I picked up this book (on
remainder) because of the title. I don’t usually read contemporary memoirs (as
you may have guessed) but the combination of the double entendre and a chance
to add to my literary understanding of Mr. Styron’s work drew me in. But the
thing is she admits to not even read Sophie’s Choice until well past it’s release.
It sounds as if she was more excited about the movie, with its attendant fame and fortune. This is
really not her fault (although you think she would have made the effort
sooner).
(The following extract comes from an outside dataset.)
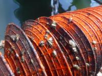 牡蠣の幼生を海中から採取することを「採苗」という。プラスチック製の採苗器を海中に入れておくと、海の中を漂っていた幼生が付着する。この作業は毎年7月中旬から9月中旬まで行われる。

When I revealed to a group of what I thought were literary compatriots
that the book was written by hand, they started reminiscing about their
favorite scenes from the movie, as if the two were synonymous.
That’s what a good movie does—Meryl Streep is Sophie for many people—but strip away the
beautiful, period costumes, the perfect locations, and one of the greatest cast
ensembles in history and the story still remains in all of its raw power. How
long did it take to write the scene in which Sophie makes her choice—two days, ten? Maybe two months or maybe it was revised over and over again during those long
afternoons all alone with pen and paper (pencil, actually). We’ll never know. I
don’t think it really matters. We have the story whole and perfect, as it was
written. We writers now, with our contests and out MFA programs and our Twitter
accounts, can only hope we get that shot.